CapitaLand: 3Q11 results was below consensus.
Earnings were below forecast due to weaker overseas earnings. Net profit of $80.2m was -53% qoq, -83% yoy, and that was including a $32m gain from an Ascott divestment. On a 9mth basis, net profit was $581m, making up just ~55% of Street FY11E estimates.
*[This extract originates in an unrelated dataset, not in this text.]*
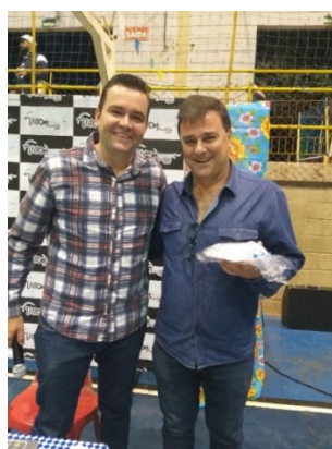
O tradicional “XXIV Arraiá da Água Ardente”, no Ginásio Cláudio
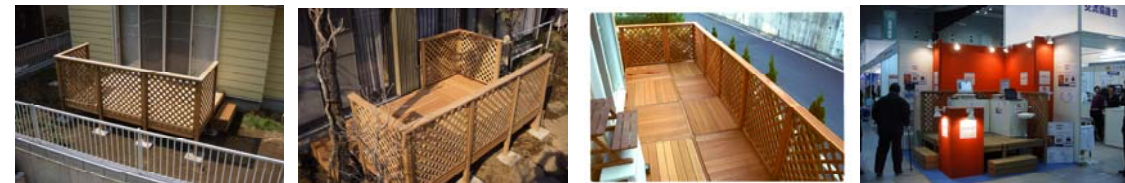
2 x 3スパン

Residential sales and recognition disappointed both domestically and abroad,
i) slow S’pore residential sales , 67 units sold in 3Q vs. 104 in 2Q, a broader reflection of softness in the prime segment, with ytd sales of 338 units ($0.7b) vs. 520 units ($1.4b) ytd 2010; CAPL’s Bedok Central (583 units), a 4Q launch should see good interest with mass end sales price elastic, yet still falling short of its 2,000- unit sales target for 2011;
ii) China sales fared no better, as CAPL held firm on pricing: 409 units sold in 3Q vs. 493 in 2Q, with ytd sales to 1,339 units ($0.5b) vs. 1,935 units ytd 2010, short of its earlier 4,000 homes sales guidance for 2011; 4Q earnings though should see lift with 3 projects scheduled for completion by end 2011.
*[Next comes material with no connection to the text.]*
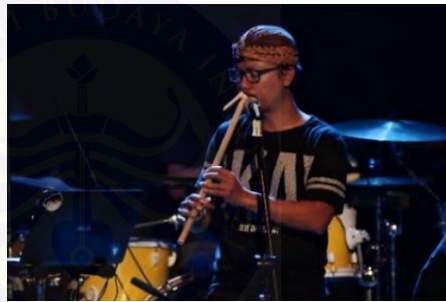
Gambar 4.6. Suling

Suling, yang juga disebut seruling, banyak ditemukan di Jawa Barat, menurut sejarah suling ini sudah berusia 14 abad. Suling memiliki peran yang bervariasi dalam musik, mulai dari mengiringi pertunjukan seni tradisional, seperti tari dan wayang, hingga menjadi bagian dari musik rakyat dan keagamaan. Di berbagai budaya di Indonesia, suling sering digunakan untuk menciptakan melodi yang indah dan emosional.

StanChart sees little near-term upside for CAPL. Notes CAPL outperformed peers in Spore and China in the past 3 months (ie KPLD, COLI and CR Land), partially due to its share buyback; this is despite a ~30% fall in the share prices of its listed subsidiaries: CMA, CCT, ART and ALZ. The house cuts RNAV estimate by 16% to $3.70/sh to account for the decline in these subsidiaries and lower the capital value for the Market Street office redevelopment. Lowers TP to $2.75 from $3.75, set at 0.75x P/RNAV, from 0.85x previously.
Goldman, Nomura keep at Buy with TP $4.28, 4.05 rptvly.
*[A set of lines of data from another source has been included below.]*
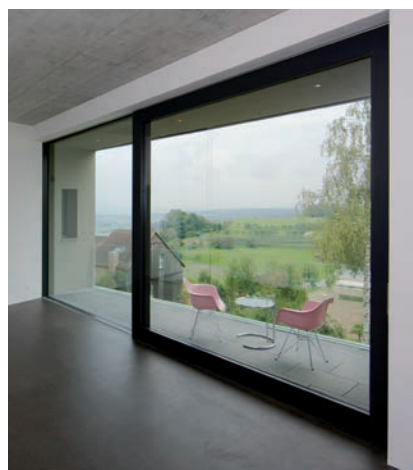
Hebeschiebetüre CONNEX cube
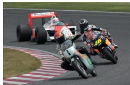
Hondaの名レーシングマシン、マクラレンMP4/4、RC164、 RC211Vが中嶋悟さん、宮城光さん、玉田誠選手によって往年の 走りを披露しました(14日)。
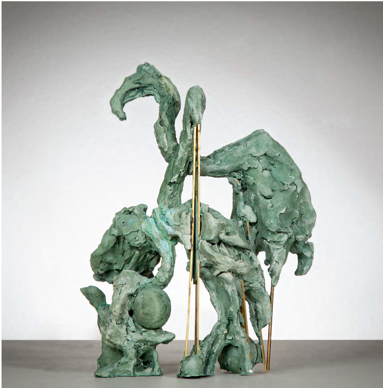
Green Flamingos | 2023 | Acrystal und Messing | 35 x 28 x 16 cm

Deutsche keeps at Buy but lowers TP to $2.80 from $3.03.
JPM maintains Overweight and TP $2.80. Notes expectations of a positive price catalyst are low now, which perversely may limit the downside risks, and a modest share buyback may also provide a signal of mgt’s impression of value in the stock.
Credit Suisse maintains Outperform with TP $3.50.